§ REQUIRED ACTION
Omit the pictures and return exactly the stretch of the material below from the line with "El Paso Mexican" through the line with "Fig. 1. First".

§ EXERCISE DATA
* * *

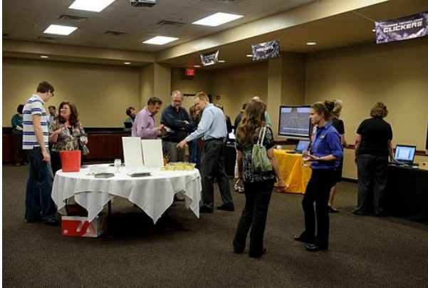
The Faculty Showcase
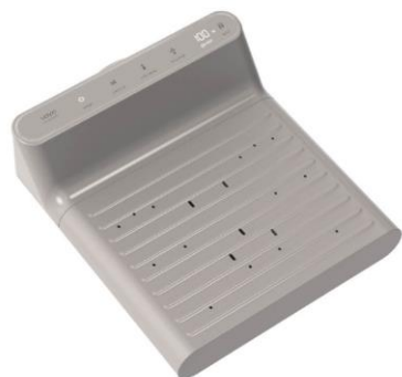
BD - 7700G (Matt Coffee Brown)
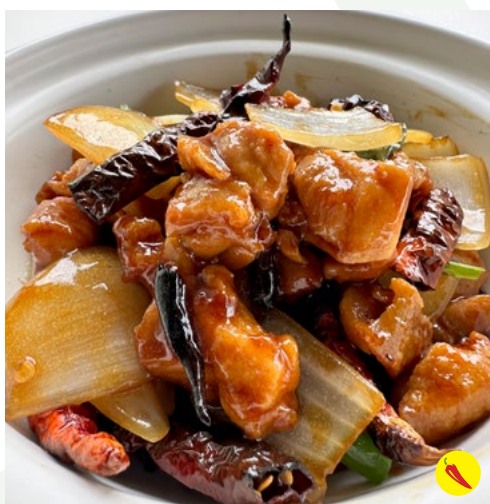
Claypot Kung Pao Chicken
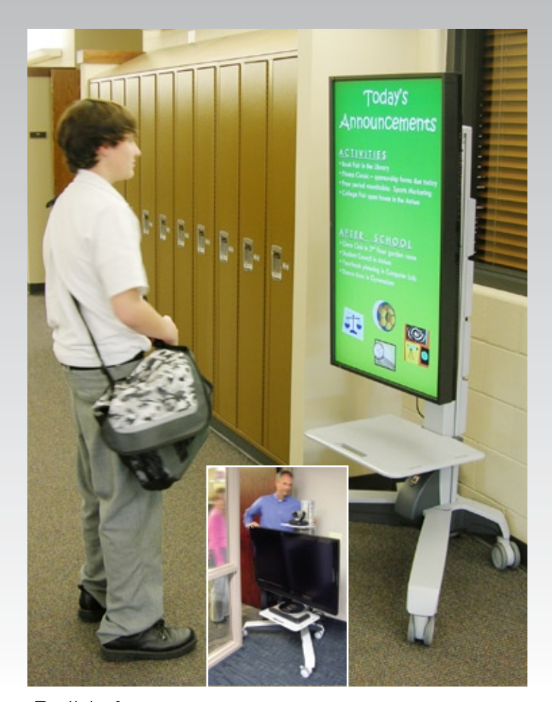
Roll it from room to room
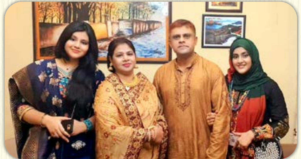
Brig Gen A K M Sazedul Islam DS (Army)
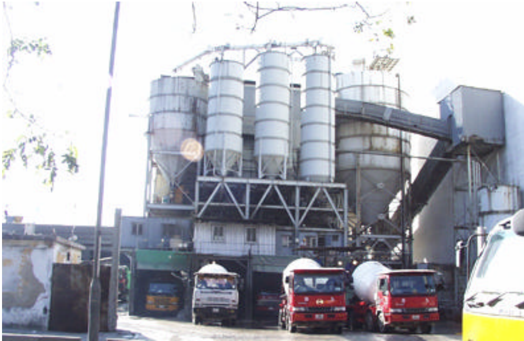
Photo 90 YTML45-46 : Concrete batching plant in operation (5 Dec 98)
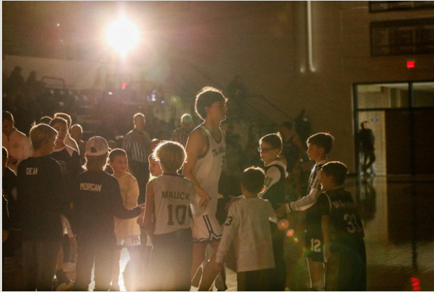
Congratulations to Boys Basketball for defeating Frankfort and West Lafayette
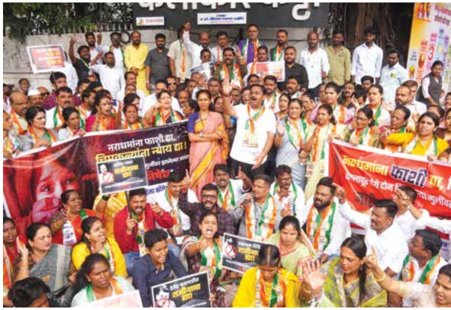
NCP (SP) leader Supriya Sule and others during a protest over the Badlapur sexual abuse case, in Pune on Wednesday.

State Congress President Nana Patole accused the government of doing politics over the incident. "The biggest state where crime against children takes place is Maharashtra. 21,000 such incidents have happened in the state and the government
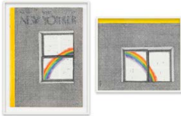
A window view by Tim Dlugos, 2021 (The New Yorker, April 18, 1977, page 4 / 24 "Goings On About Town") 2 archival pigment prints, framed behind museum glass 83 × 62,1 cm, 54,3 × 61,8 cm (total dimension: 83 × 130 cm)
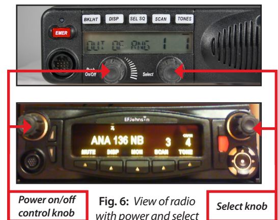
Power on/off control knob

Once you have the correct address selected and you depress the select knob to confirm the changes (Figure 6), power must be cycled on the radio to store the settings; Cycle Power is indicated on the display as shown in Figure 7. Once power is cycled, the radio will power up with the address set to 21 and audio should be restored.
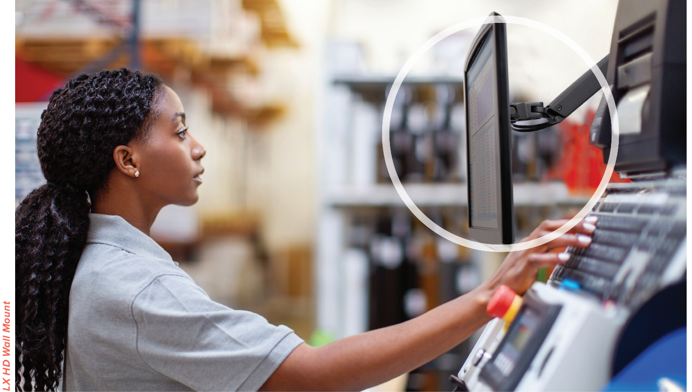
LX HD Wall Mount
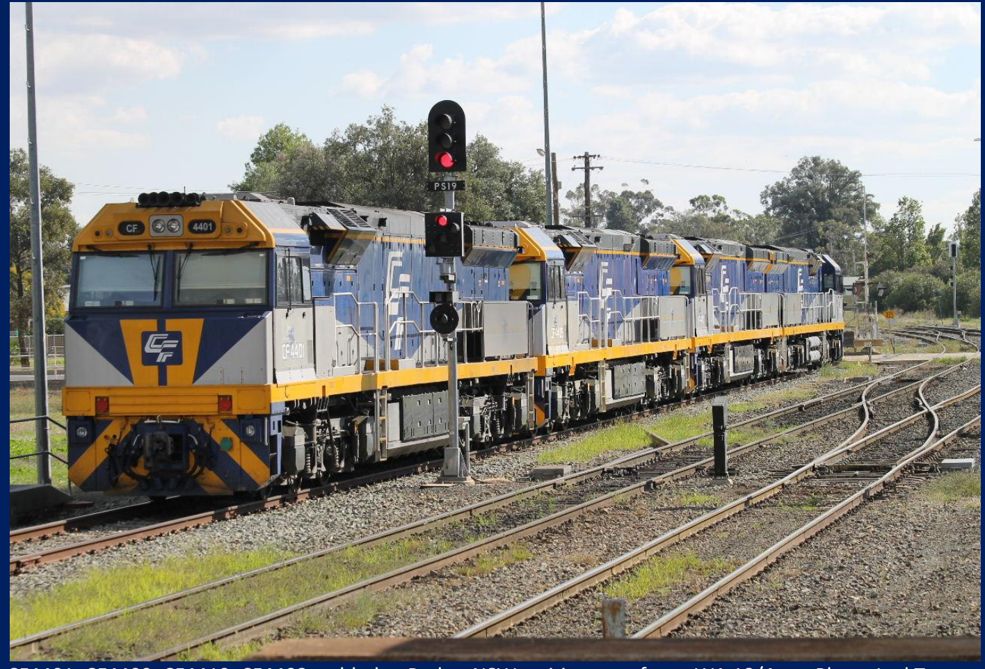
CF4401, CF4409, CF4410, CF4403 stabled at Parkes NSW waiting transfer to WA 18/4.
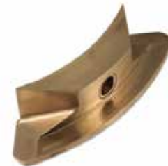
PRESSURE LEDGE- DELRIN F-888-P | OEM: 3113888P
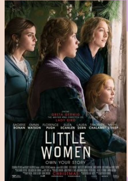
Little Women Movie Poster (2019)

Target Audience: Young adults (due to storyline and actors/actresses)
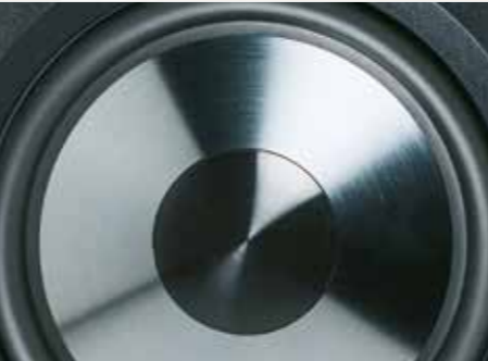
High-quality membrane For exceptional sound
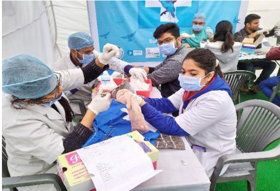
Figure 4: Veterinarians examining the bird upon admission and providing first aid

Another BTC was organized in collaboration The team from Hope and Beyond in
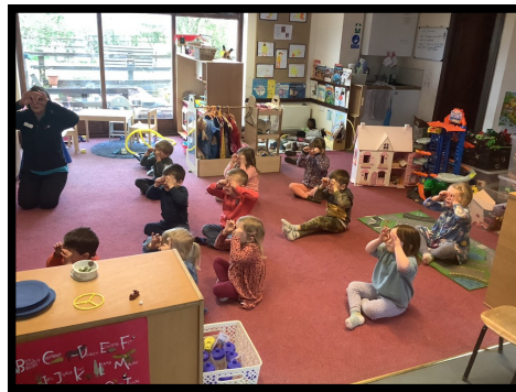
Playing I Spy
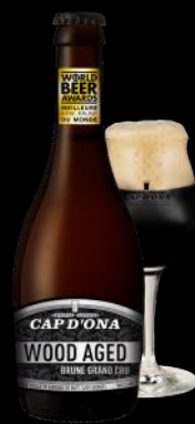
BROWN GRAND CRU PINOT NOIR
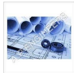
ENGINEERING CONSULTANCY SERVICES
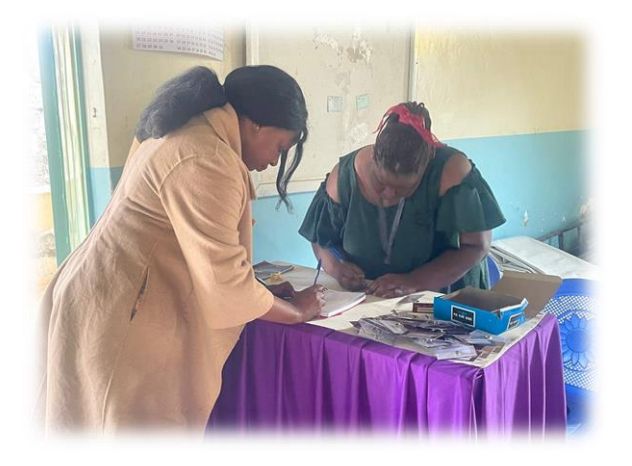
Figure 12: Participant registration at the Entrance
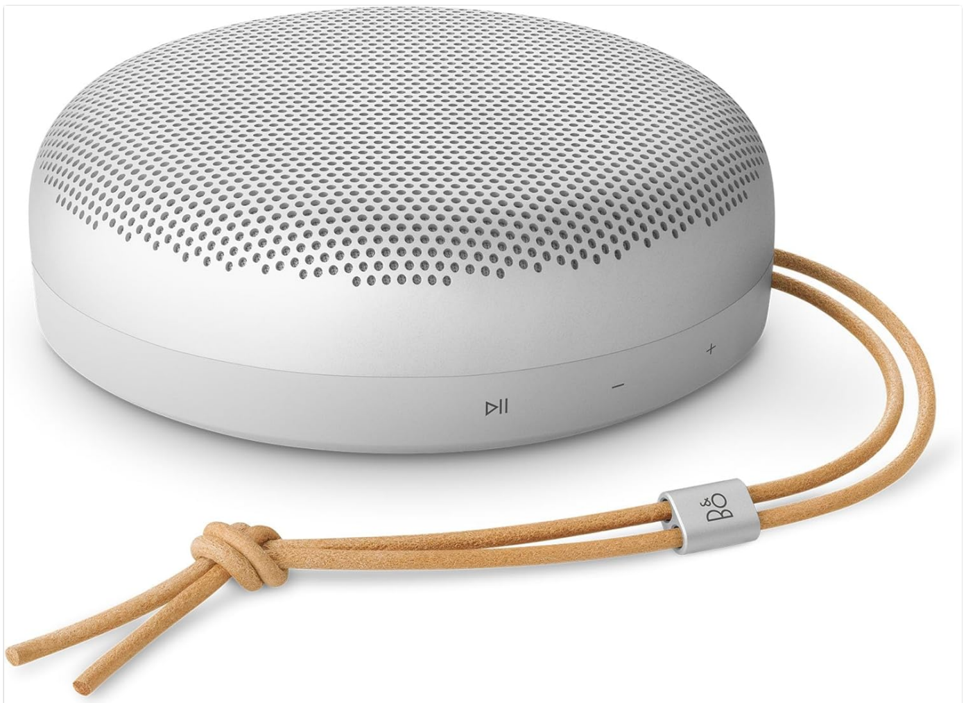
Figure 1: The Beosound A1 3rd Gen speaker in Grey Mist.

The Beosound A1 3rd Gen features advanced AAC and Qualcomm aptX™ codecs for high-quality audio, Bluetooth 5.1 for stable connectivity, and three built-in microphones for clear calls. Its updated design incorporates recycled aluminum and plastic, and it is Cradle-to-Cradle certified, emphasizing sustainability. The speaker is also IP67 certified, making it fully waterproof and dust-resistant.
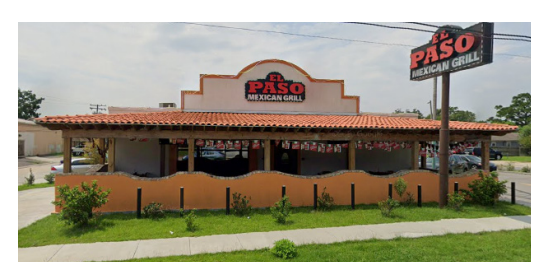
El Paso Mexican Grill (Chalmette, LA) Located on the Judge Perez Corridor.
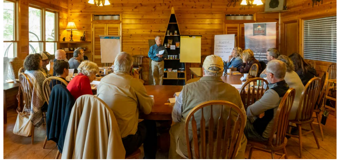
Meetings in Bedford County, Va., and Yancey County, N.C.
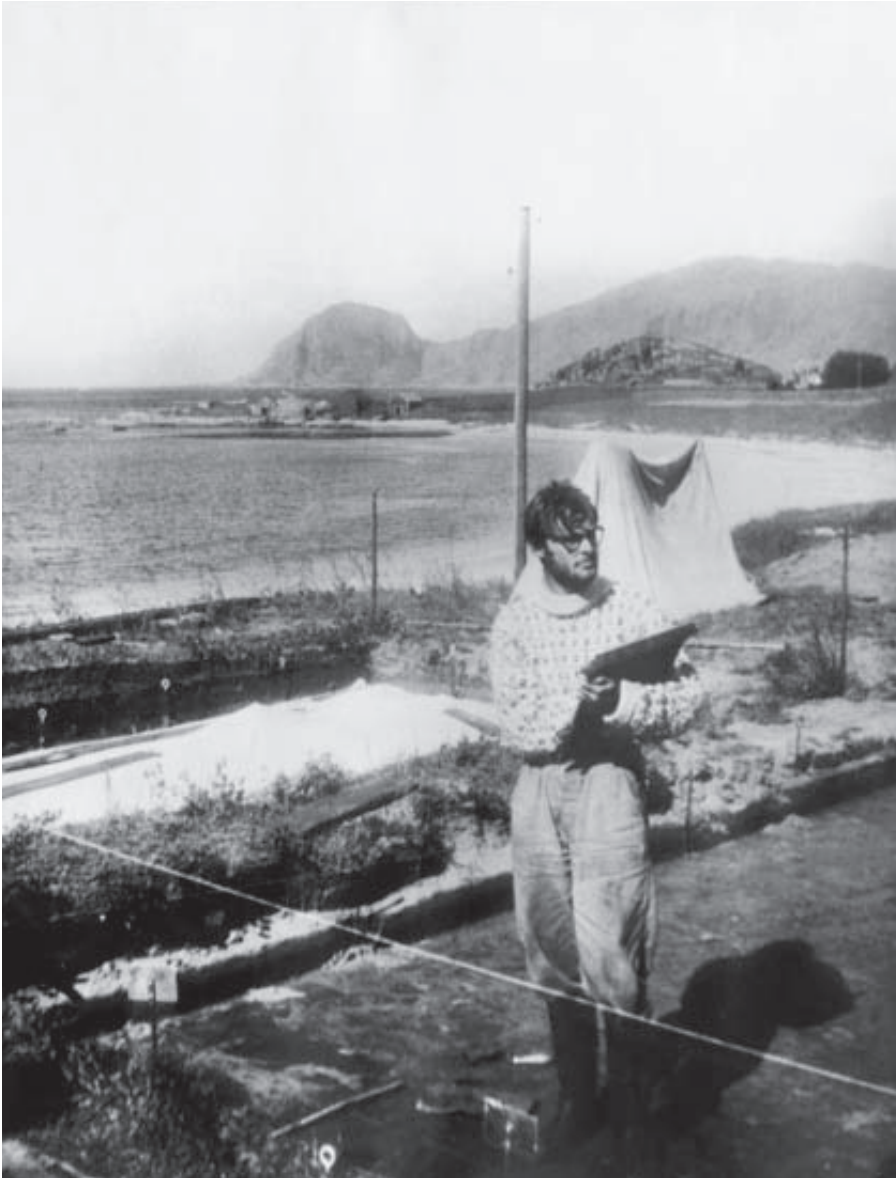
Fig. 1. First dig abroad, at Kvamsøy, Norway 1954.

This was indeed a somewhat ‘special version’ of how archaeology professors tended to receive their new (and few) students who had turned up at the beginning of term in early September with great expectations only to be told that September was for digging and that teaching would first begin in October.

* * *

§ SOLVED EXERCISE
El Paso Mexican Grill (Chalmette, LA) Located on the Judge Perez Corridor.
Meetings in Bedford County, Va., and Yancey County, N.C.
Fig. 1. First dig abroad, at Kvamsøy, Norway 1954.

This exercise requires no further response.